Anyone who knows me, even those who don't like whisky, are aware of my slightly irrational love for Lagavulin. So I'll try to be objective, but you've been warned. Thanks to @Nozinan for the reviewed sample.
Lagavulin 8, 200th Anniversary Edition. Bottled at 48% ABV. The bottle whence came the sample was opened November 17, 2016, gassed after each use, decanted into a smaller bottle May 20, 2017, and the sample poured for me on April 18, 2018. There seems to be mixed information on added colour and chill-filtration. There are no statements about it on the box, but the 48% ABV usually means a whisky hasn't been chill-filtered and Ralfy seems convinced that this is bottled at natural colour. I can neither confirm nor deny one way or the other, and I'm too lazy to Google it.

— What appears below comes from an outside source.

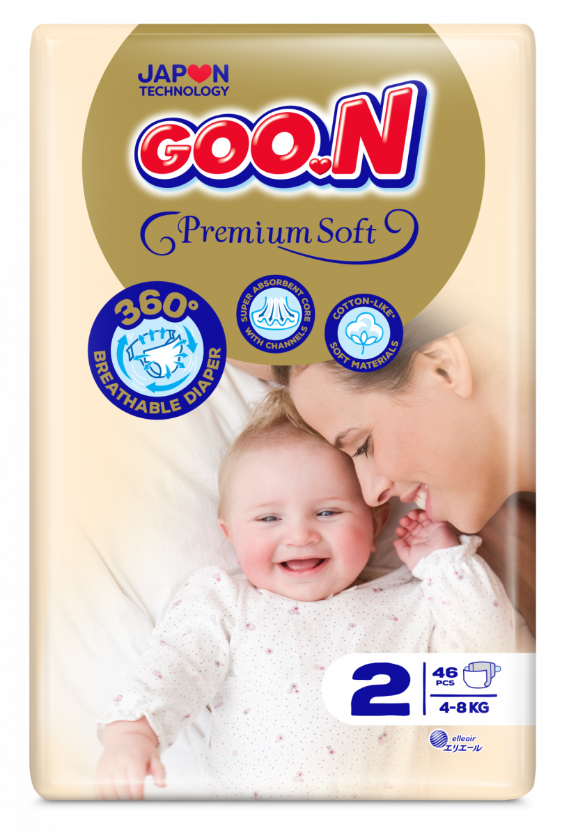 Goo.N Premium Soft - need on ülipehmed ja täiuslikult niiskust imavad mähkmed! Kuiva pinna tagab ülemine reljeefne kiht, mis juhib niiskuse beebi tagumikust eemale ja takistab vedelike väljapääsu.Toote omadused:Soft & Dry välimine kiht hoiab beebi pepu kuivana.Mähkmete struktuuris on kasutatud pehmet, kohevat, E-vitamiini rikast tekstuuri ja ainulaadset 3D-kuju, et minimeerida otsest kokkupuudet nahaga ja vältida nahaärritust.

- Nose (undiluted): tarry ropes, wood smoke and brine, quite vegetal (seaweed), surprisingly fruity with lemons and limes coming through, a hint of caramelized sugar with a bit of eucalyptus at the tail end. Very pleasant nose. Much brighter than the 12 or 16 year bottlings.
- Palate (undiluted): richer than expected, not at all "hot" for 48% ABV, toffee leads the way but is bowled over by peat smoke, then black pepper with some fruity notes (peaches and apricots) appear, developing cereal notes (barley) near the end.
- Finish: fairly long, candied ginger and floral honey at first, then a bit sour and fruity, green apples, green (white) grapes and charred lemons, with the wood smoke returning and lingering. Fantastic.
With water added the nose initially becomes brighter. Iodine, brine, and the charred lemons take the lead. The smoke is still there and it doesn't yield. The nose develops more sweetness with water, and the eucalyptus all but disappears. Ten minutes after adding water, a sweetened black tea aroma is present. Water doesn't negatively affect the arrival on the palate either, but it does bring the pepper notes to the forefront. A bit of hot and sweet together. The order of flavours on the finish changes a bit with water added. Campfire ash lead the way, but is overtaken by peaches and apricots drizzled with honey. Smoky, fruity and sweet. An absolute treat with or without water.
There isn't a lot of "low end depth" to this whisky. It is smoky, but also very bright, sweet, and fruity, whereas Laphroaig Quarter Cask has a much deeper flavour but lacks the high end brightness of Lagavulin 8. I think an equal mix of the two might make the perfect young Islay whisky, yet Lagavulin 8 remains fantastic on its own.
I need to get a bottle of this stuff.
Awesome review. I had some the other night, but just a taste, and not enough to give a full review. What I did take away was that the 8 is a bit harsher on the palate than the 16. I felt it was similar to a younger Laphroaig or Ardbeg, in that the edges were still there.
@mhock66 What surprised me the most about the Lag 8 was how much the sweetness became increasingly prominent as the whisky sat in the glass and opened up. I’m curious to see if there’s a major difference between the standard release and the 200th anniversary edition.